Analysts covering Salary.com apparently still like what they see and hear from company executives. The average stock price target is $18, according to Thomson Financial data. On Friday, shares closed at $12.00.

Following the July 31 financial report, analyst Richard Davis of Needham & Co. upped his price target to $16 from $15, while reiterating a buy rating. He had initiated coverage in March with a buy rating and $14 target.

In early June, Brendan Barnicle of Pacific Crest Securities said a weakness in share price at almost $1 below the $10.50 IPO price represented a buying opportunity. “Pacific Crest believes the company’s proprietary compensation data provides a unique long-term advantage,” he wrote to clients. He had initiated coverage on March 27 with an outperform rating and a $21 target. 

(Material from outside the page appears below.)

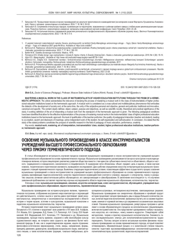 Статья: ОСВОЕНИЕ МУЗЫКАЛЬНОГО ПРОИЗВЕДЕНИЯ В КЛАССЕ ИНСТРУМЕНТАЛИСТОВ УЧРЕЖДЕНИЙ ВЫСШЕГО ПРОФЕССИОНАЛЬНОГО ОБРАЗОВАНИЯ ЧЕРЕЗ ПРИЗМУ ГЕРМЕНЕВТИЧЕСКОГО ПОДХОДА

Also on March 27, Salary.com picked up some positive initial coverage from three other analysts. Tom Roderick of Thomas Weisel Partners gave it an overweight and a $15.50 fair value for shares, “given the company’s subscription software model and visible revenue and cash-flow growth.” Philip Rueppel of Wachovia Capital Markets started the company at outperform and a $13-15 price range, saying he projects near-term annual revenue growth above 25% as Salary.com expands it product mix and market penetration. William Blair & Co.’s Laura Lederman started coverage at outperform, saying, “We expect Salary.com to post strong sales growth of 34% over the next four years.”

But investors might have to remain patient before they see a return on their investment. So when will Salary.com turn a profit? During an August 9 presentation at the Canaccord Adams 27th annual Global Growth Conference in Boston, CEO Plunkett noted that the company has been cash flow positive since 2004, reiterating the previous outlook that Salary.com is predicting profitability in three to five years. 

The company’s guidance for the current quarter calls for a loss in the range of $2.3 million to $2.7 million, on revenue in the range of $7.7 million to $8.1 million, excluding the recently announced deal for ITG. For fiscal 2008 ending next March, Salary.com is looking for revenue of $33.7 million to $34.9 million, including a contribution of $200,000 to $400,000 from ITG. The full-year loss is expected to fall in the range of $8.8 million to $9.2 million, with cash flow of $7.8 million to $8.2 million.

Salary.com does have brand recognition, but it’s also gaining competitors, both in software management and as a Web portal. Still-private PayScale.com said in July that it had raised nearly $9 million in venture capital, and the website expects to become profitable next year. That’s a quicker payday than Salary.com’s shareholders are likely to see.

Note: Salary.com is in the portfolio of Rising Star Stocks, an independent investment advisory published by Business Financial Publishing LLC, the owner of SmallCapInvestor.com. Salary.com was added to the Rising Star Stocks selection of growth stocks on May 21, at a price of $11.04 per share.